If your app writes logs to local files (for bug reports or offline diagnostics), you need rotation and retention policies. Without them, log files grow unbounded, consuming storage that users notice when their phone reports “storage full.” I’ve seen apps accumulate 200MB+ of log files because no one set up rotation. It’s one of those things nobody thinks about until a user with a 32GB phone complains.
class FileLogger(
private val logDir: File,
private val maxFileSize: Long = 5 * 1024 * 1024, // 5MB
private val maxFiles: Int = 3
) : Timber.Tree() {
private var currentFile: File = createLogFile()
override fun log(priority: Int, tag: String?, message: String, t: Throwable?) {
if (priority < Log.INFO) return
synchronized(this) {
if (currentFile.length() > maxFileSize) {
rotateFiles()
}
currentFile.appendText("${System.currentTimeMillis()} [$tag] $message\n")
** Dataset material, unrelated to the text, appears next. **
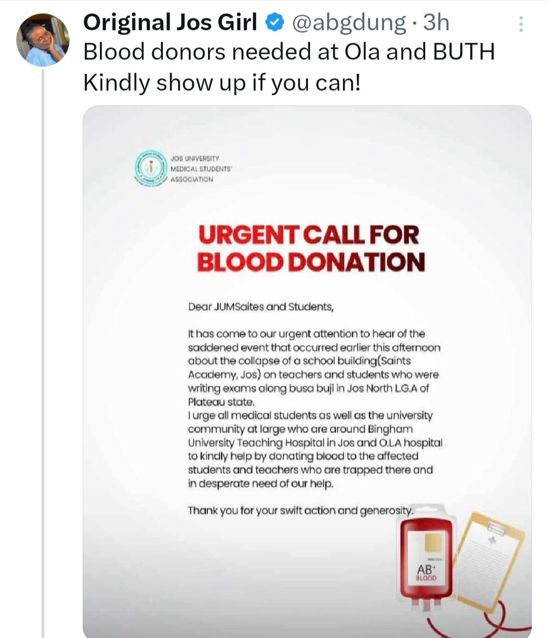 ”The situation is pathetic and tragic. I went to two hospitals where I saw 16 de@d bodies deposited at the mortuaries and also some injured students,” an eyewitness, Muhammad Shitu, told TRT Afrika. ”All the bodies I saw were of students. The situation is too terrible. Those who survived have lost excess blood, and people are rushing to donate blood,” Shitu added. An injured student Wulliya Ibrahim told AFP: “I entered the class not more than five minutes, when I heard a sound, and the next thing is I found myself here.” “We are many in the class, we were writing our exams,” he said. The National Emergency Management Agency said the building collapsed k!lling “several students” without giving details. “NEMA and other critical stakeholders are presently carrying out Search and Rescue operations,” it said. A resident at the scene Chika Obioha told AFP he saw at least eight bodies at the site and that dozens more had been injured. See a video.i.ng copyright. BreakingBLOOD DONORS NEEDED IN JOS!BLOOD DONORS NEEDED IN JOS!BLOOD DONORS NEEDED IN JOS!Are you near Ola or Bingham hospital in Jos? Help A child being rescued from school building that fell today in Jospic.twitter.com/J6z1ZGMpxq Elle (@sweetsixtien) July 12, 2024 The post De@th toll in Jos school building coll@pse rises to 21 as volunteers use shovels to dig out students (photos/video) appeared first on swordpress.com.ng.

t?.let { currentFile.appendText(it.stackTraceToString() + "\n") }
}
}
private fun rotateFiles() {
val logs = logDir.listFiles { f -> f.name.startsWith("app_log_") }
?.sortedByDescending { it.lastModified() }
?: return
logs.drop(maxFiles - 1).forEach { it.delete() }
currentFile = createLogFile()
}
private fun createLogFile(): File {
logDir.mkdirs()
return File(logDir, "app_log_${System.currentTimeMillis()}.txt")
}
fun getLogFiles(): List<File> =
logDir.listFiles { f -> f.name.startsWith("app_log_") }
?.sortedByDescending { it.lastModified() }
?: emptyList()
}
Three files at 5MB each means a maximum of 15MB of log storage — reasonable for most apps. The getLogFiles() function lets users attach logs to bug reports, which is far more useful than asking them to describe what happened. The tradeoff is IO performance — writing to disk on every log call can slow things down, so for high-frequency scenarios, buffer entries in memory and flush to disk periodically using a Channel.
Thanks for reading through all of this :), Happy Coding!